How to Write an Expository Essay
How to Write an Expository Essay
In properly learning how to write an expository essay, you must develop a strong thesis that is supported by relevant facts and statistics, examples, or other pertinent information. An expository essay is a specific type of writing that involves providing the reader with information, explaining a topic, or defining a particular topic.
Since an expository essay is meant to provide the reader with factual information, it should be written from a neutral point-of-view and without emotion. In addition, it should be written in the third person, which means the article should not contain the word "I" or sentences such as "In my opinion…."
Before you begin write my essay online, you must develop your ideas. This step of the writing process is usually referred to as "pre-writing." During the pre-writing stage, you will brainstorm ideas for the document and you will begin to put them in order.
In order to start putting your ideas to order, you might utilize a number of different pre-writing strategies. These include:
- Making a list
- Creating a web
- Developing a map
- Engaging in freewriting
- Drawing a tree diagram
If you haven't already developed an argument, you should be able to determine one after conducting the pre-writing activities. Although you will have an idea of what the report will be about before you begin pre-writing, the pre-writing stage will help you develop your ideas further and to hone in on your actual thesis statement.

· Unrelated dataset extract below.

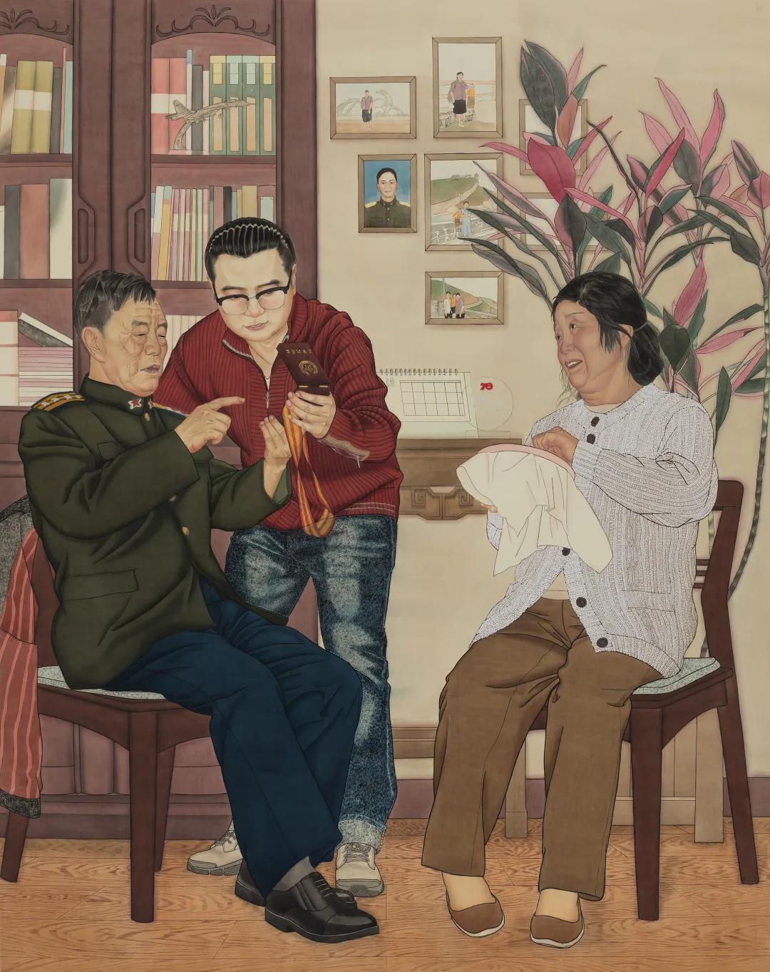 作品名称:《听姥爷说》指导老师:焦洋、张猛、徐华翎、金瑞作品尺寸:175cm*140cm作品材料:绢本设色 综合材料

Your thesis statement is one sentence that summarizes what the entire expository essay will be about. Based off of your thesis statement, you will need to gather information that helps to support your statement. This will involve conducting research in order to further develop the ideas you wrote about in the pre-writing stage.

Each of the subsequent paragraphs is used to support the topic sentence from the first paragraph. Each of these paragraphs must have a topic sentence, which is a sentence telling the main idea of that paragraph, and the topic sentence must support your thesis. The rest of the sentences within the paragraph are used to further explain and to support the topic sentence. These supporting paragraphs are referred to as the "body" of the report and, in most cases, it should include at least three paragraphs in the body.
The final paragraph of the expository essay is the conclusion. The conclusion should restate the thesis and the main ideas of the report, though the sentences should be worded differently. The final paragraph should never introduce new material and the final sentence should summarize the report in a memorable or meaningful way. In doing so, you will leave a lasting impression on the reader that will help your essay stand out from the rest.